3. Write the grammar

Your Langium project is now setup and ready to be used. The next step is to define the grammar of your language. The grammar is the most important part of your language definition. It defines the syntax of your language and how the language elements are structured.

The grammar is defined in a .langium file. Make sure that you have installed the VS Code extension for Langium. This extension provides syntax highlighting and code completion for .langium files. Here’s the grammar from the Hello-World example that was generated by the Yeoman generator:

grammar HelloWorld

hidden terminal WS: /\s+/;
terminal ID: /[_a-zA-Z][\w]*/;

entry Model: (persons+=Person | greetings+=Greeting)*;

Person:
    'person' name=ID;

Greeting:
    'Hello' person=[Person] '!';

Let’s go through this one by one:

grammar HelloWorld

Before we tell Langium anything about our grammar contents, we first need to give it a name - in this case it’s HelloWorld. The langium-cli will pick this up to prefix any generated services with this name.

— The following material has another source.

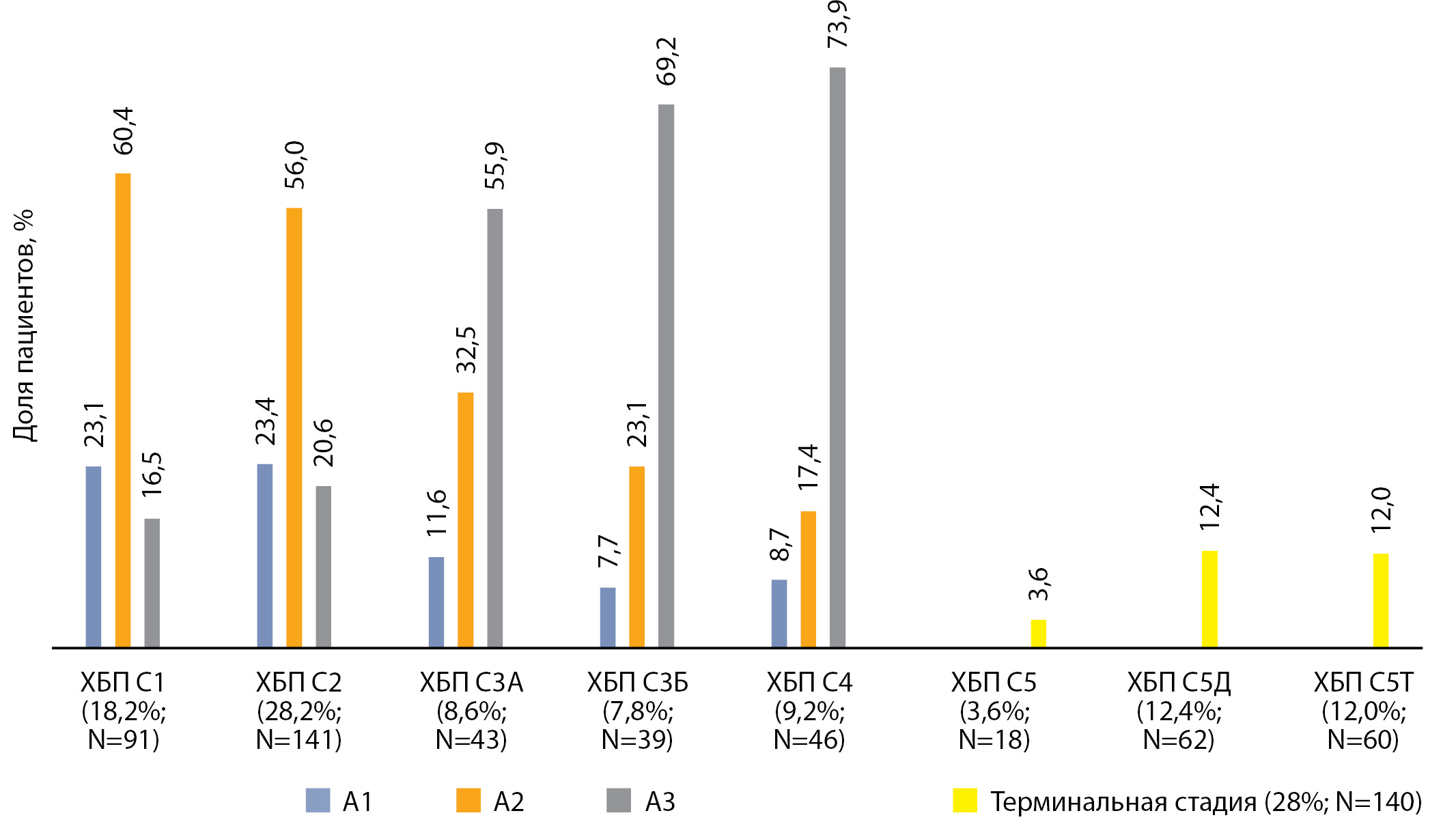 Анализ состояния ССЗ выявил достаточно высокую распространенность артериальной гипертензии (АГ) — 82,3%. АГ III стадии регистрировалась у 57,8% по отношению к общему числу больных, АГ II стадии — у трети больных (30,5%) и АГ I стадии — всего у 9,0% пациентов от общего числа лиц, включенных в исследование. Медиана длительности АГ составила 10 лет [ 3; 15]. Ожидаемо была получена высокая распространенность гипертрофии миокарда левого желудочка — у 60,4%, при этом концентрическая гипертрофия регистрировалась у 28,2%, у 15,2% — эксцентрическая гипертрофия, и у 17,0% — концентрическое ремоделирование. На рис. 8 изображено распределение пациентов с АГ в соответствии с почечной дисфункцией. Хроническую сердечную недостаточность (ХСН) имели 16,5% пациентов, а нарушения сердечного ритма диагностировались у 3,0% среди лиц, включенных в исследование.

hidden terminal WS: /\s+/;
terminal ID: /[_a-zA-Z][\w]*/;

Here we define our two needed terminals for this grammar: The whitespace WS and identifier ID terminals. Terminals parse a part of our document by matching it against their regular expression. The WS terminal parses any whitespace characters with the regex /\s+/. This allows us to consume whitespaces in our document. As the terminal is declared as hidden, the parser will parse any whitespace and discard the results. That way, we don’t have to care about how many whitespaces a user uses in their document. Secondly, we define our ID terminal. It parses any string that starts with an underscore or letter and continues with any amount of characters that match the \w regex token. It will match Alice, _alice, or _al1c3 but not 4lice or #alice. Langium is using the JS regex dialect for terminal definitions.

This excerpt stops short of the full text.